It is dawn outside, a soft dawn as a nice contrast to the white mountain peaks, a few harmless remnants of cloud from yesterday’s rainy day still linger on the mountain slopes and the birds have been performing for a good hour into the day. It will be a good hour before the sun sends its rays over the mountain ridge towards my office window. I have a cup of coffee in front of me, the notebooks have booted up, e-mails are being checked and I am already getting the first reminders for today’s workday.
I have so many other thoughts in my head, about the current situation with this, for me unbelievable and stupid hysteria and the political actions around the Corona Virus, but also privately.
I did not sleep particularly well today, as I often do when I am very, busy with thoughts. This of course stays with our cat, not unnoticed when I stare into the dark with open eyes at night, she notices it and with her meowing she shows me emphatically that she is already awake.
Most of the time I get up and feed them, sometimes I go back to bed and sleep a little longer, but also, like today, I stay up, make myself a coffee and start up the notebook. The first thing I do is check my phone for messages while the PC is starting up. I will write you a good morning and nice wishes for the day, read the latest news while I am sipping my coffee and looking out the window every now and then, like right now.

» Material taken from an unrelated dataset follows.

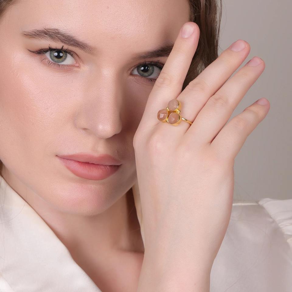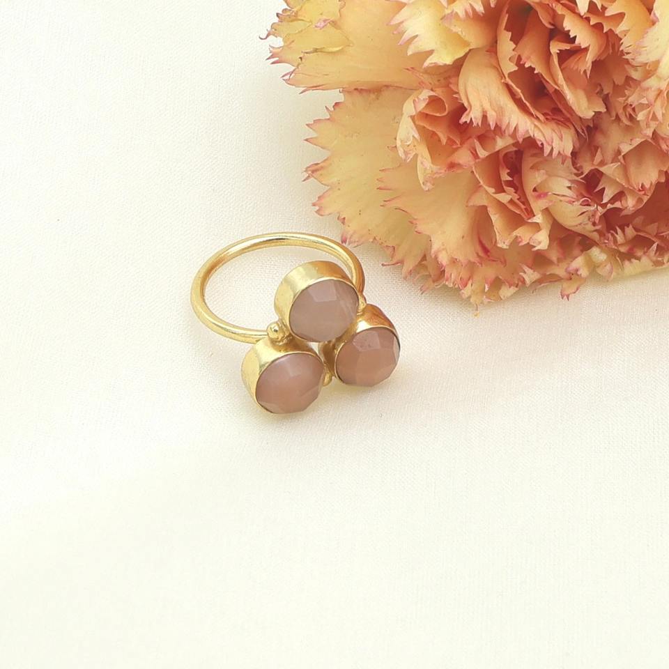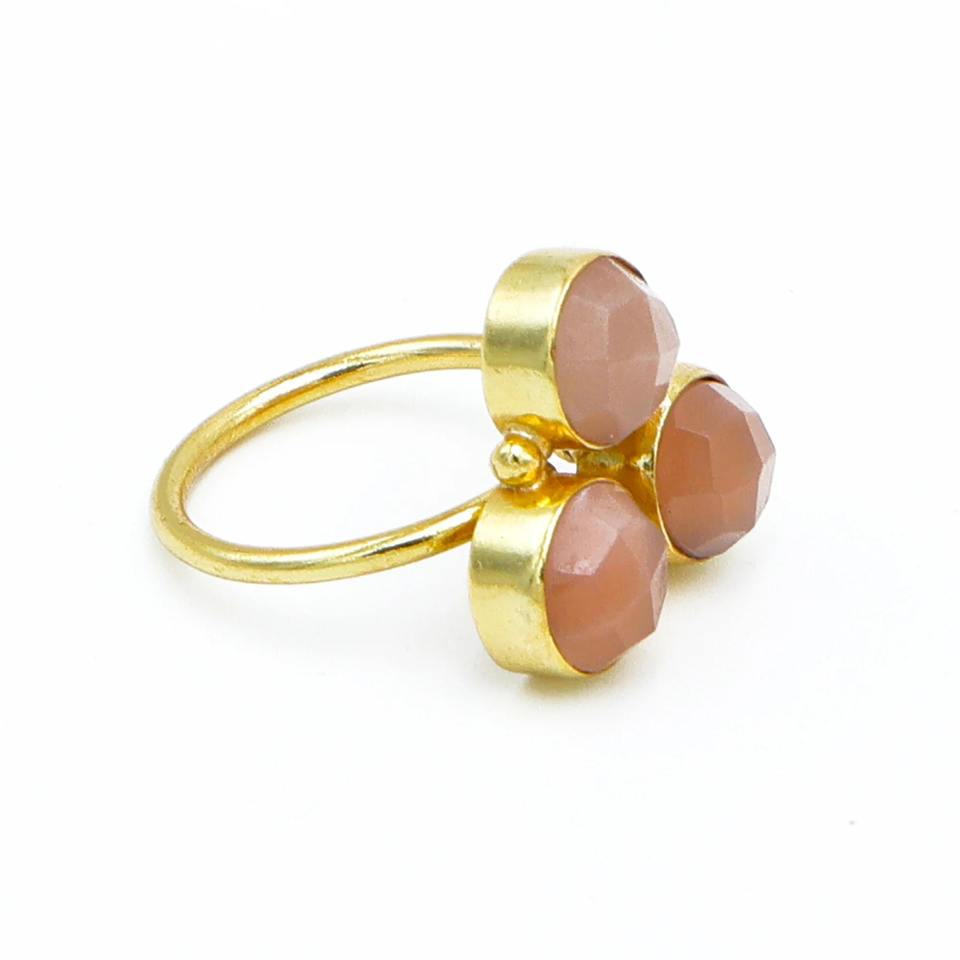 Export Quality Gold-Plated Peach Moonstone Round Ring Unique Statement Ring for Women and Girls from Indian Supplier

The dawn has changed, has become stronger, just like the day, it is getting increasingly lighter and a look at the clock tells me that I have already spent half an hour doing the above-mentioned activities and writing. Whenever my head is so full of thoughts and especially when my heart aches, be it full of longing or sorrow, then I have the habit of writing. Writing helps me in a certain way to process the situations, to classify them, sometimes to understand them.
Questions that occupy me to write down, to look for answers while writing, to try to find answers, to save them for later, to read and search for answers again. What am i there for This question or similar formulations are very often in my head and occupy me more or less permanently, even today or all night long, these thoughts are buzzing around in my mind’s eye and demand an answer.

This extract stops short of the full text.